Premium
fMRI complexity is associated with tau‐PET and cognitive decline in Alzheimer’s disease
Author(s) -
Jann Kay,
Kim Hosung,
Albrecht Daniel,
Wang Danny J.J.
Publication year - 2020
Publication title -
alzheimer's and dementia
Language(s) - English
Resource type - Journals
SCImago Journal Rank - 6.713
H-Index - 118
eISSN - 1552-5279
pISSN - 1552-5260
DOI - 10.1002/alz.045411
Subject(s) - parahippocampal gyrus , statistical parametric mapping , neuroimaging , psychology , neuroscience , alzheimer's disease , cognitive decline , magnetic resonance imaging , medicine , dementia , temporal lobe , pathology , disease , epilepsy , radiology
Background Amyloid‐PET is considered an early marker for the preclinical stage of AD, while the neurofibrillary tangle pathology detected with tau‐PET imaging correlates more closely with neuronal injury and cognitive decline. However, PET scans are expensive and involve radiation exposure. Recently, entropy measures have been explored as indices of the complexity of rs‐fMRI time‐series. Reduced entropy values were associated with aging, APOE ɛ4 genotype and cognitive decline in AD. Here we use complexity of BOLD signals as an index of the information processing capacity of regional neuron populations, and test the hypothesis that it is sensitive to tau‐related neuronal injury and cognitive decline in the AD processes.

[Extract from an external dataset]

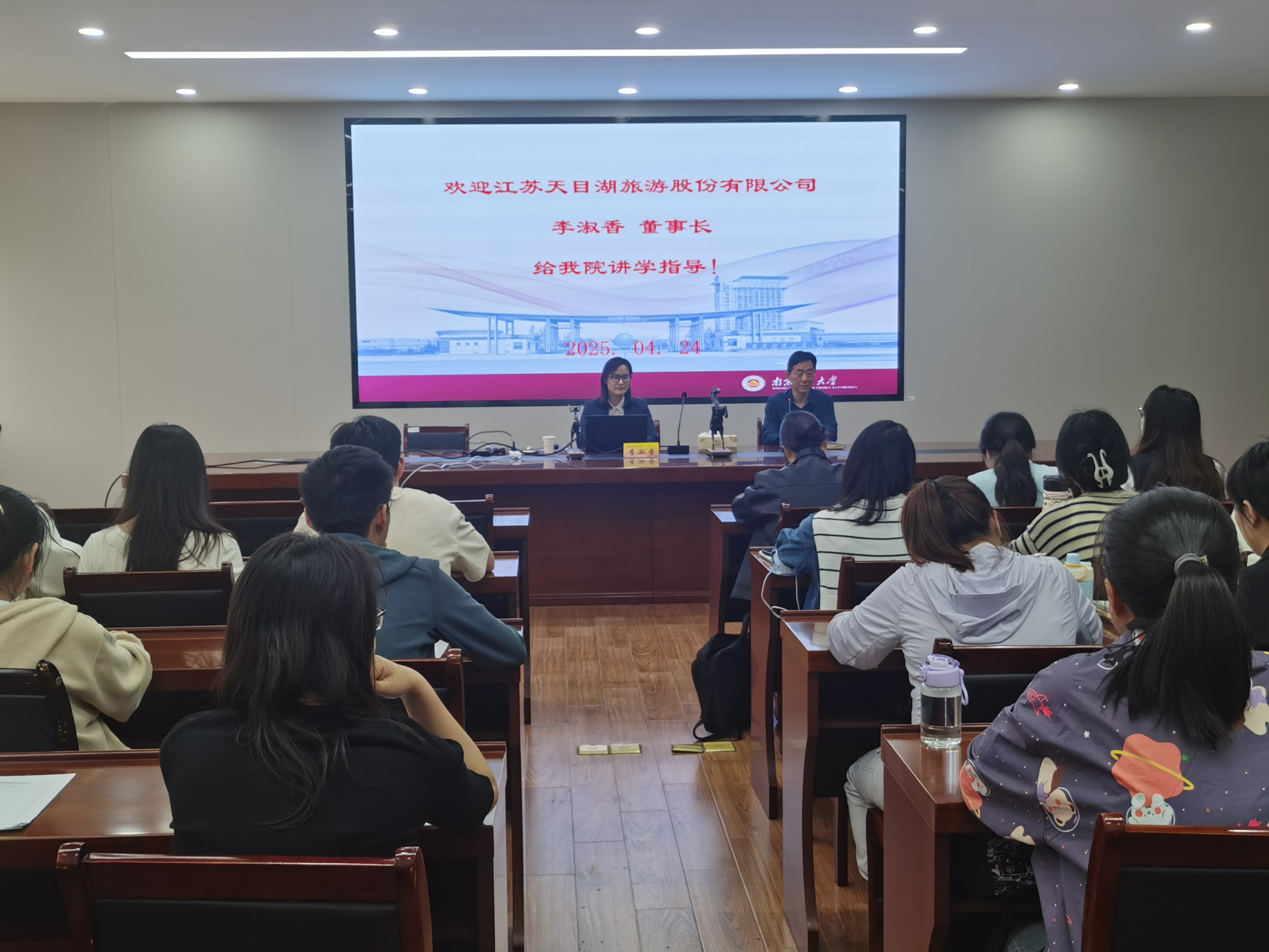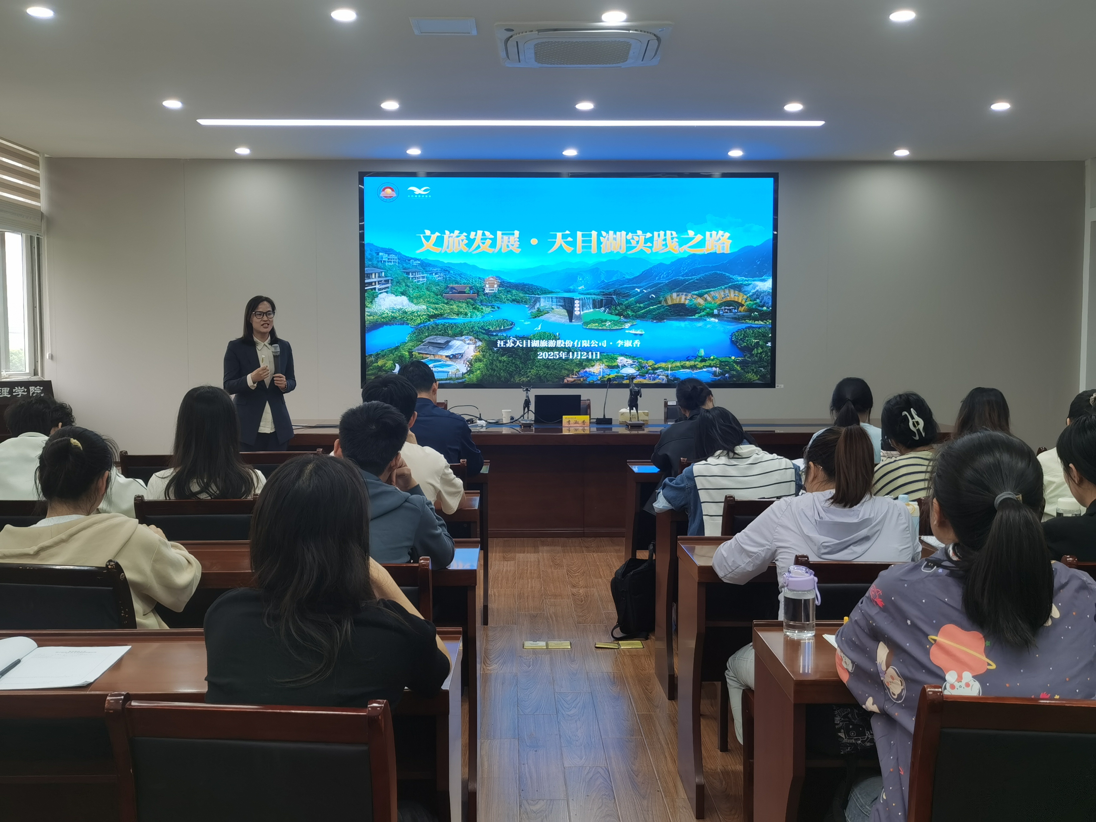 特邀江苏天目湖旅游股份有限公司董事长李淑香在德济楼408会议室开展专题讲座。本次讲座以“文旅发展 天目湖实践之路”为主题,院长万绪才主持,学院教师代表及全体研究生共同参与。
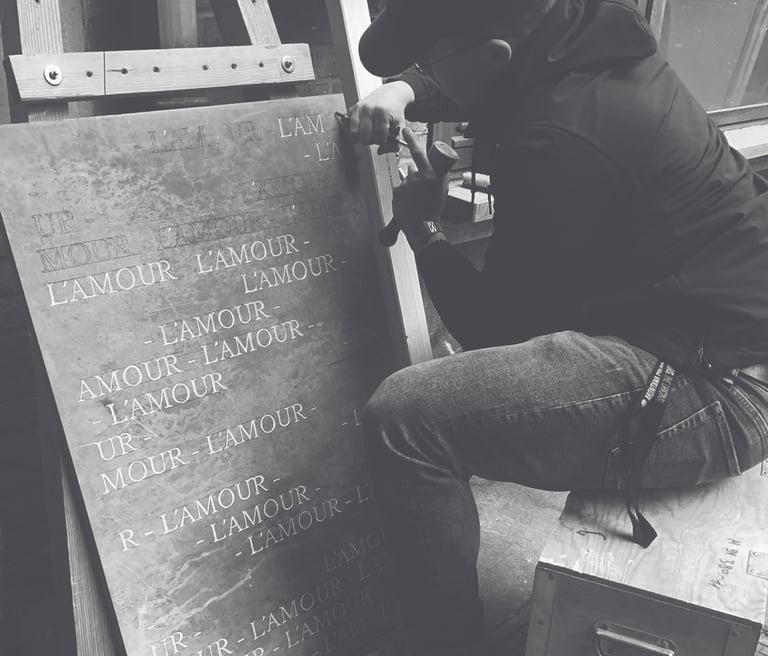 Cyprien Grégoire, graveur lapidaire, allie la tradition à l'innovation. Fort d'une formation auprès du Meilleur Ouvrier de France (Rodolphe Giuglardo) en taille de pierre et dessin typographique, et d'un master en graphisme et typographie, je mets mon expertise au service de vos projets les plus ambitieux.

Method Data used in this study were obtained from the Alzheimer’s Disease Neuroimaging Initiative (ADNI). Our cohort consisted of a sample of 50 subjects form ADNI‐3 (age = 72.4±8.2, 19M/31F, 25CN, 19MCI, 6AD) with a T1 structural, a tau‐PET (tracer: 18F‐AV1451) and two fMRI scans. FMRI data underwent standard preprocessing before computing Multi‐Scale Entropy (MSE). Parametric SUVR images were calculated with a cerebellar reference region. Correlations between SUVR tau‐PET and MSE were calculated for 195 ROIs (Craddock atlas parcellation) including age, gender and regional gray matter volume as covariates. To evaluate if MSE and PET can be used to classify AD from CN we trained and tested a random‐forest classifier ( via 10‐fold cross‐validation). Result We found significant negative correlations between low frequency MSE and tau‐PET measures in hippocampus, parahippocampal gyrus and posterior cingulate cortex (Figure 2). The classification model revealed that MSE and PET have similar prediction accuracy and sensitivity (Table Figure 3A). The most informative areas for the prediction revealed a large degree of overlap between MSE and tau‐PET (Figure 3B). Conclusion Correlation and classification results for MSE in relation with tau‐PET revealed areas in PCC, temporal and parietal lobes. These areas are implicated in tau pathology and cognitive decline. Hence, these overlapping findings support our hypothesis that the complexity of rs‐fMRI is associated with regional tau protein accumulation measured by PET and could provide a marker for information processing capacity of regional neuron populations and prediction of cognitive decline in the AD processes.